FP8 layerwise casting + group offloading:
| precision | Memory after loading | Peak memory | Inference time |
|---|---|---|---|
| FP8 (e4m3) | 9.264 GB | 14.232 GB | 58 seconds |
Example (Flux-dev with torchao 4-bit + torch.compile):
import torch
from diffusers import FluxPipeline
from diffusers import TorchAoConfig as DiffusersTorchAoConfig
from diffusers.quantizers import PipelineQuantizationConfig
from transformers import TorchAoConfig as TransformersTorchAoConfig
from torchao.quantization import Float8WeightOnlyConfig
model_id = "black-forest-labs/FLUX.1-dev"
dtype = torch.bfloat16
pipeline_quant_config = PipelineQuantizationConfig(
quant_mapping={
"transformer":DiffusersTorchAoConfig("int4_weight_only"),
"text_encoder_2": TransformersTorchAoConfig("int4_weight_only"),
}
)
pipe = FluxPipeline.from_pretrained(
model_id,
quantization_config=pipeline_quant_config,
torch_dtype=torch.bfloat16,
device_map="balanced"
)
+ pipe.transformer = torch.compile(pipe.transformer, mode="max-autotune", fullgraph=True)
Note:
torch.compilecan introduce subtle numerical differences, resulting in changes in image output
torch.compile: One other complementary approach is to speed up the execution of your model with PyTorch 2.x’s torch.compile() feature. Compiling the model doesn’t directly lower memory, but it could actually significantly speed up inference.
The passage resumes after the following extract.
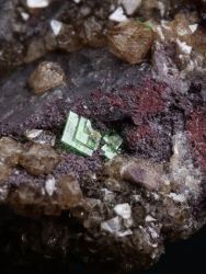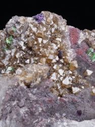 Pěkný vzorek scheelitu na záhnědě z fenomenální lokality Cínovec.Pěkný vzorek scheelitu na záhnědě z fenomenální lokality Cínovec. Krystalky scheelitu jsou o velikosti do 2 mm a pokrývají velkou část krystalu křemene. Navíc najdete na vzorku i několik krystalů zeuneritu o velikosti do 1,5 mm. Sběr cca r. 1970 - originální etiketa součástí položky.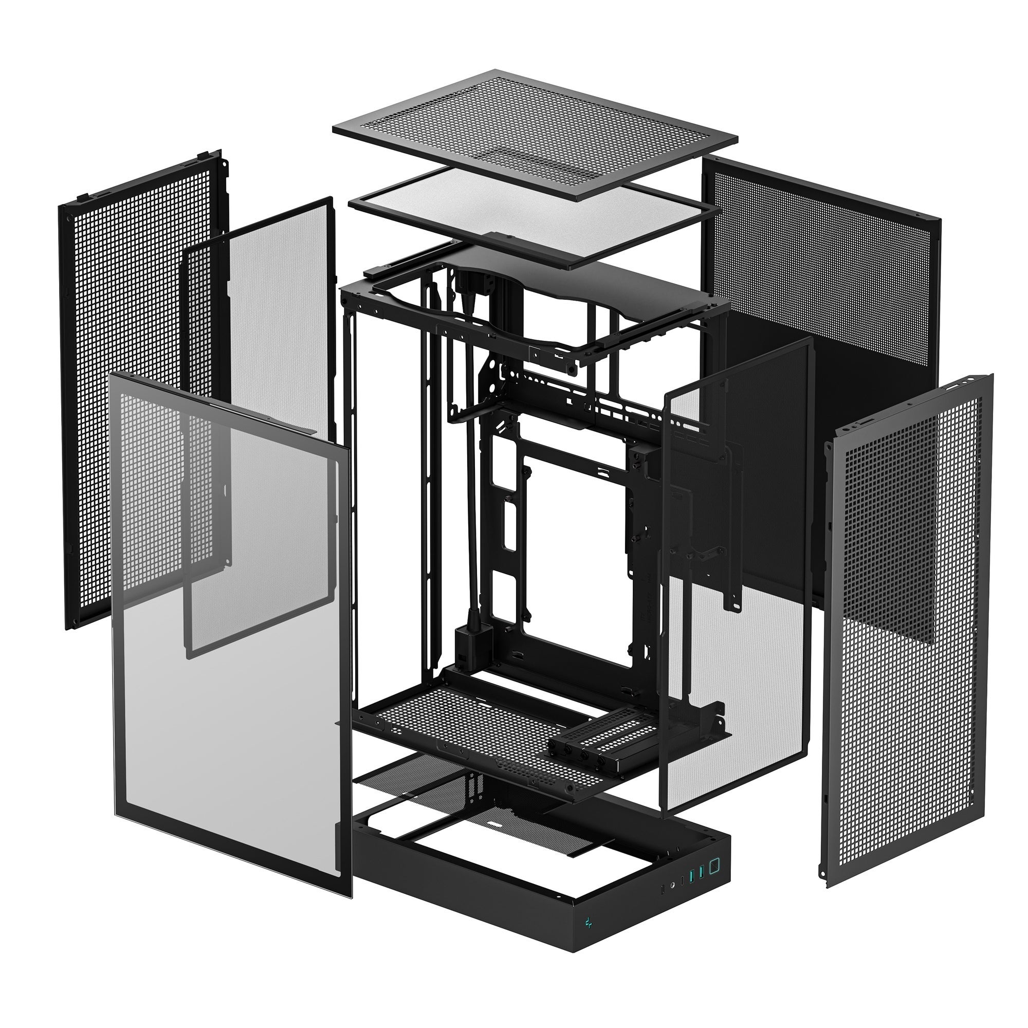 組み立て作業がしやすいよう、サイド4面とトップのパネルが着脱可能になっています。電源ユニット用ブラケットも着脱可能。4枚のダストフィルターも取り外してお手入れができます。

PyTorch 2.0’s compile (Torch Dynamo) works by tracing and optimizing the model graph ahead-of-time.
torchao + torch.compile:
| torchao Precision | Memory after loading | Peak memory | Inference time | Compile Time |
|---|---|---|---|---|
| int4_weight_only | 10.635 GB | 15.238 GB | 6 seconds | ~285 seconds |
| int8_weight_only | 17.020 GB | 22.473 GB | 8 seconds | ~851 seconds |
| float8_weight_only | 17.016 GB | 22.115 GB | 8 seconds | ~545 seconds |
Explore some benchmarking results here:
Able to use quantized checkpoints
You’ll find bitsandbytes and torchao quantized models from this blog post in our Hugging Face collection: link to collection.
Conclusion
Here’s a fast guide to selecting a quantization backend:
- Easiest Memory Savings (NVIDIA): Start with
bitsandbytes4/8-bit. This can be combined withtorch.compile()for faster inference. - Prioritize Inference Speed:
torchao,GGUF, andbitsandbytescan all be used withtorch.compile()to potentially boost inference speed. - For Hardware Flexibility (CPU/MPS), FP8 Precision:
Quantocould be option. - Simplicity (Hopper/Ada): Explore FP8 Layerwise Casting (
enable_layerwise_casting). - For Using Existing GGUF Models: Use GGUF loading (
from_single_file). - Inquisitive about training with quantization? Stay tuned for a follow-up blog post on that topic! Update (June 19, 2025): it’s here!
Quantization significantly lowers the barrier to entry for using large diffusion models. Experiment with these backends to search out one of the best balance of memory, speed, and quality in your needs.
Acknowledgements: Because of Chunte for providing the thumbnail for this post.